**Exercise objective:** The answer must consist of the records below, repeated exactly.

**Provided data:**
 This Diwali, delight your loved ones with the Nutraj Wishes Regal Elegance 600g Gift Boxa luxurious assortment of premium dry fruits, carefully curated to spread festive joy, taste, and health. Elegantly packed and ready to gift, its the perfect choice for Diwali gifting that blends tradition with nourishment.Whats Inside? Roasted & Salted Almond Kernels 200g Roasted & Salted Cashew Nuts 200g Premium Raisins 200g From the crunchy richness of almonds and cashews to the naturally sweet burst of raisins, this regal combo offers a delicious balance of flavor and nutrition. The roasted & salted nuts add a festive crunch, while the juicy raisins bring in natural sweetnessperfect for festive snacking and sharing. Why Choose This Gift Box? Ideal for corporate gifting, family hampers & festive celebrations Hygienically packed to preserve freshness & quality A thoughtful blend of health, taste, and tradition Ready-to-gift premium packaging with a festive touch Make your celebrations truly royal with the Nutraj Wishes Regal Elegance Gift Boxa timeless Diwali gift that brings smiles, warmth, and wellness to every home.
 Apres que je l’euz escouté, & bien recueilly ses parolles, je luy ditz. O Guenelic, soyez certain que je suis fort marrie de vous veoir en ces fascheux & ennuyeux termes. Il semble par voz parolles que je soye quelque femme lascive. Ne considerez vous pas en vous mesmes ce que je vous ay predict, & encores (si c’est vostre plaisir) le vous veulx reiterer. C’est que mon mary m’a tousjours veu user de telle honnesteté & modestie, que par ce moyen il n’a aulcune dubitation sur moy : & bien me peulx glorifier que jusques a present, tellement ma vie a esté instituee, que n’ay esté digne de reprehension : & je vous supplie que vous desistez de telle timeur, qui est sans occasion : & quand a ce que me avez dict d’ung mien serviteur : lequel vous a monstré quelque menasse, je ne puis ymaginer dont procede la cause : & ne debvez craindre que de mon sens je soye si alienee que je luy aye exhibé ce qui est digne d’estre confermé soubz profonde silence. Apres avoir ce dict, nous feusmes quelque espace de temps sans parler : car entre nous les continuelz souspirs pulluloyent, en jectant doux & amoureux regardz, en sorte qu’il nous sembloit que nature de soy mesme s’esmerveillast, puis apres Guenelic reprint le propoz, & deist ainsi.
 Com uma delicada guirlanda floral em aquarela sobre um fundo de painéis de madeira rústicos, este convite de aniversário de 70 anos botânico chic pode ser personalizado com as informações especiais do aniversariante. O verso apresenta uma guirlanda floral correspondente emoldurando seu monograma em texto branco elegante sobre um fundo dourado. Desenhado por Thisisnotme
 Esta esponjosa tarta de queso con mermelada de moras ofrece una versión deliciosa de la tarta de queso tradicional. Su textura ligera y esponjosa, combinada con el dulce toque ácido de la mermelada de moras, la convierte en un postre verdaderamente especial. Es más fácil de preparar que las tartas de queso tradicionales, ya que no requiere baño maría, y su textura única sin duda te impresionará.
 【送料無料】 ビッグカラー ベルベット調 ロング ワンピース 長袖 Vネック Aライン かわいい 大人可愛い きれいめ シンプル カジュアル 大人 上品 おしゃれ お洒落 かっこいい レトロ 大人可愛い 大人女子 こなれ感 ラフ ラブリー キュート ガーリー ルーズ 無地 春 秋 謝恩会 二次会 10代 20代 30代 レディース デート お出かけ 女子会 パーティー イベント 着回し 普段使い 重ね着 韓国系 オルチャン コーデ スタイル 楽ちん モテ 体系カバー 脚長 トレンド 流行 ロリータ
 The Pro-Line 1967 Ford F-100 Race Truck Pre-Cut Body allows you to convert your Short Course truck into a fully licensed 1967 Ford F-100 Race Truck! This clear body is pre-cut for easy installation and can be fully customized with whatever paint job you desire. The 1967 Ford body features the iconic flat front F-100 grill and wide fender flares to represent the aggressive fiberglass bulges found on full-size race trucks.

**Written response:**
 This Diwali, delight your loved ones with the Nutraj Wishes Regal Elegance 600g Gift Boxa luxurious assortment of premium dry fruits, carefully curated to spread festive joy, taste, and health. Elegantly packed and ready to gift, its the perfect choice for Diwali gifting that blends tradition with nourishment.Whats Inside? Roasted & Salted Almond Kernels 200g Roasted & Salted Cashew Nuts 200g Premium Raisins 200g From the crunchy richness of almonds and cashews to the naturally sweet burst of raisins, this regal combo offers a delicious balance of flavor and nutrition. The roasted & salted nuts add a festive crunch, while the juicy raisins bring in natural sweetnessperfect for festive snacking and sharing. Why Choose This Gift Box? Ideal for corporate gifting, family hampers & festive celebrations Hygienically packed to preserve freshness & quality A thoughtful blend of health, taste, and tradition Ready-to-gift premium packaging with a festive touch Make your celebrations truly royal with the Nutraj Wishes Regal Elegance Gift Boxa timeless Diwali gift that brings smiles, warmth, and wellness to every home.
 Apres que je l’euz escouté, & bien recueilly ses parolles, je luy ditz. O Guenelic, soyez certain que je suis fort marrie de vous veoir en ces fascheux & ennuyeux termes. Il semble par voz parolles que je soye quelque femme lascive. Ne considerez vous pas en vous mesmes ce que je vous ay predict, & encores (si c’est vostre plaisir) le vous veulx reiterer. C’est que mon mary m’a tousjours veu user de telle honnesteté & modestie, que par ce moyen il n’a aulcune dubitation sur moy : & bien me peulx glorifier que jusques a present, tellement ma vie a esté instituee, que n’ay esté digne de reprehension : & je vous supplie que vous desistez de telle timeur, qui est sans occasion : & quand a ce que me avez dict d’ung mien serviteur : lequel vous a monstré quelque menasse, je ne puis ymaginer dont procede la cause : & ne debvez craindre que de mon sens je soye si alienee que je luy aye exhibé ce qui est digne d’estre confermé soubz profonde silence. Apres avoir ce dict, nous feusmes quelque espace de temps sans parler : car entre nous les continuelz souspirs pulluloyent, en jectant doux & amoureux regardz, en sorte qu’il nous sembloit que nature de soy mesme s’esmerveillast, puis apres Guenelic reprint le propoz, & deist ainsi.
 Com uma delicada guirlanda floral em aquarela sobre um fundo de painéis de madeira rústicos, este convite de aniversário de 70 anos botânico chic pode ser personalizado com as informações especiais do aniversariante. O verso apresenta uma guirlanda floral correspondente emoldurando seu monograma em texto branco elegante sobre um fundo dourado. Desenhado por Thisisnotme
 Esta esponjosa tarta de queso con mermelada de moras ofrece una versión deliciosa de la tarta de queso tradicional. Su textura ligera y esponjosa, combinada con el dulce toque ácido de la mermelada de moras, la convierte en un postre verdaderamente especial. Es más fácil de preparar que las tartas de queso tradicionales, ya que no requiere baño maría, y su textura única sin duda te impresionará.
 【送料無料】 ビッグカラー ベルベット調 ロング ワンピース 長袖 Vネック Aライン かわいい 大人可愛い きれいめ シンプル カジュアル 大人 上品 おしゃれ お洒落 かっこいい レトロ 大人可愛い 大人女子 こなれ感 ラフ ラブリー キュート ガーリー ルーズ 無地 春 秋 謝恩会 二次会 10代 20代 30代 レディース デート お出かけ 女子会 パーティー イベント 着回し 普段使い 重ね着 韓国系 オルチャン コーデ スタイル 楽ちん モテ 体系カバー 脚長 トレンド 流行 ロリータ
 The Pro-Line 1967 Ford F-100 Race Truck Pre-Cut Body allows you to convert your Short Course truck into a fully licensed 1967 Ford F-100 Race Truck! This clear body is pre-cut for easy installation and can be fully customized with whatever paint job you desire. The 1967 Ford body features the iconic flat front F-100 grill and wide fender flares to represent the aggressive fiberglass bulges found on full-size race trucks.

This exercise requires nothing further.